В тени луны. Том 2, стр. 39

— Думаю, еще неделю, — сказал Алекс. Он улыбнулся, глядя на нахмуренное лицо Нияза и тихо сказал: — Мне кажется, что ты был так тяжело ранен, что я должен ехать за границу на несколько дней с грумом, чтобы все знали, что ты болен и не можешь разъезжать…

— А-а! — отозвался Нияз и улыбнулся. — И что?

Алекс продолжил мысль:

— …и если пойдешь ты и кто-то еще, пешком и ночью, и будет известно, что ты болен, думаю, можно кое в чем преуспеть.
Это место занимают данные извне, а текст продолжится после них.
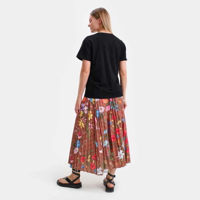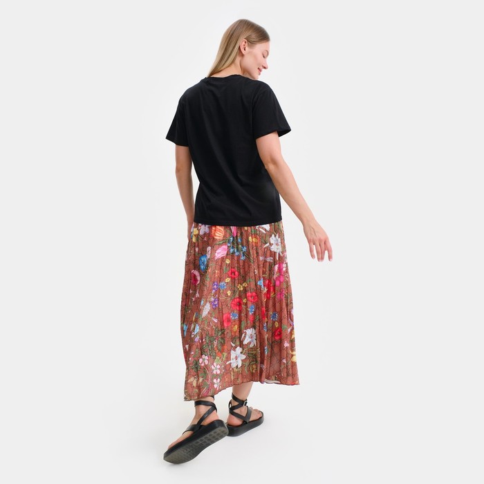 Костюм женский (футболка/юбка), цвет черный/коричневый, размер ONE SIZE
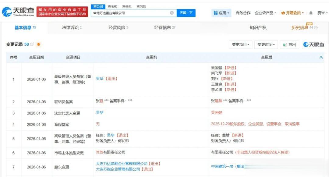 天眼查工商信息显示,近日,常德万达置业有限公司发生工商变更,原股东万达商管旗下大连万锐企业管理有限公司、大连万达锐驰企业管理有限公司退出,新增中国建筑一局(集团)有限公司为全资股东,吴华卸任法定代表人,由吴国强接任,同时多位主要人员发生变更。

— Я тоже так думаю, — сказал Нияз. — Скажи, что я при смерти. Это обрадует тех собак в полку! Кто поедет со мной, Юзаф?

Алекс размышлял, нахмурившись, и через минуту сказал:

— Должно быть, да.

На следующее утро он нашел Винтер сидящей в маленькой гостиной — она писала письмо Лотти. Было воскресенье, и она только что вернулась из церкви. Ее платье, серое в белый горошек, из китайского муслина, выглядело свежим и легким, а шляпка лежала на диване. Когда он вошел, она удивленно подняла на него глаза, и он заметил, как вспыхнуло ее лицо. Казалось, она сама поняла это и повернулась спиной к свету.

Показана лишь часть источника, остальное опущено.